At Claude pricing, this quickly compounds into thousands of dollars in monthly costs.

*The Math
*
2,800 cached tokens
× 1,000 requests per day
× 30 days

= 84 million input tokens per month

Without caching: ~$1,260/month
With caching: ~$126/month

Savings: ~90%

What Prompt Caching Actually Is

Prompt caching (also called prefix caching) works like HTTP caching, but for LLM computation.
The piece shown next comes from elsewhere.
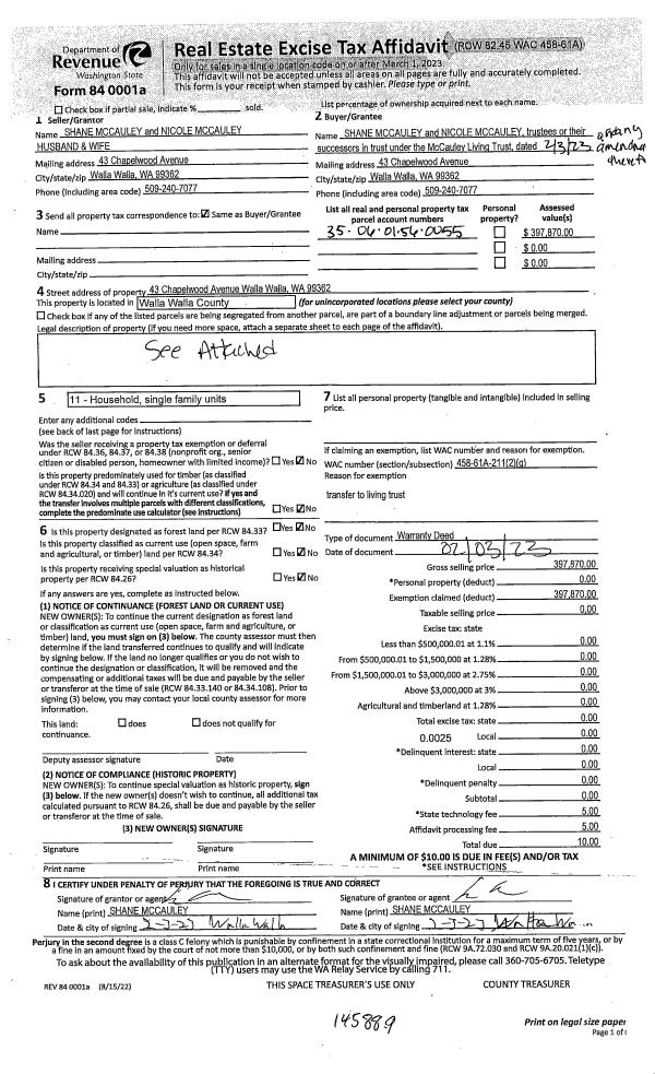| Mailing Address: | SHANE & NICOLE MCCAULEY TRUSTEES 43 CHAPELWOOD AVE WALLA WALLA, WA 99362 | % Ownership: | 100.0000000000% |

When you send a prompt to Claude with caching enabled:

*First Request
*
Claude:

Processes the full prompt
Creates a cache key (hash of static content)

*Subsequent Requests
*
*Claude:
*
Recognizes the cached prefix
Skips recomputation
Processes only the new tokens

Result

Faster response times
Up to 90% cost reduction on cached tokens

How It Works (Code Example)

*Setting Up Prompt Caching with Claude API
*
import anthropic

client = anthropic.Anthropic(api_key="your-api-key")
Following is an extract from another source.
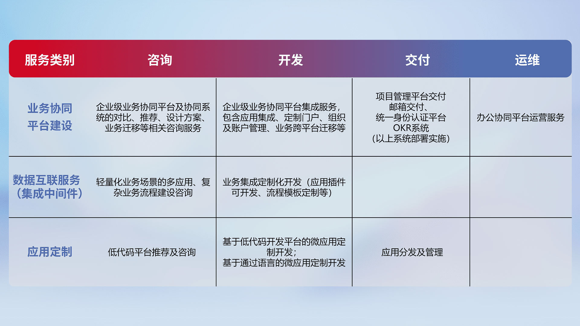 针对钉钉、、企微、、IDaas等平台级产品提供产品的规划、、、方案、、交付、、定制化开发等服务,,,,实现如统一协同办公、、、智能客户服务、、、混合会议管理、、、智能数据查询、、等业务场景,,,实现数字化转型。。。

system_prompt = """You are a clinical decision support AI.
You have access to patient records, lab results, and clinical history.
Always cite source data when making recommendations.
Follow HIPAA guidelines for all responses.
Prioritize patient safety over speed.
"""

tool_definitions = [
{
"name": "search_patient_records",
"description": "Search patient medical history",
"input_schema": {...}
},
{
"name": "get_lab_results",
"description": "Retrieve lab test results",
"input_schema": {...}
}
]

response = client.messages.create(
model="claude-opus-4-7",
max_tokens=1024,
system=[
{
"type": "text",
"text": system_prompt,
"cache_control": {"type": "ephemeral"}
},
{
"type": "text",
"text": f"Available tools: {tool_definitions}",
"cache_control": {"type": "ephemeral"}
}
],
messages=[
{
"role": "user",
"content": "Analyze patient ABC123's recent lab results"
}
]
)
What You Get Back

*First Request
*
Cache creation tokens: 2800
Cache read tokens: 0

*Second Request
*
Cache creation tokens: 0
Cache read tokens: 2800
Regular input tokens: 42

Only the user query gets recomputed.

Why Most Developers Don't Use Prompt Caching

*1. It's Not Enabled by Default
*
Developers must explicitly add:

cache_control: {"type": "ephemeral"}

Many developers don't know this feature exists.

*2. The Cache Lifecycle Confuses People
*
Two main cache types exist:

Ephemeral cache

Lives for 5 minutes

Persistent cache

Lives for 24 hours

Developers often choose the wrong strategy.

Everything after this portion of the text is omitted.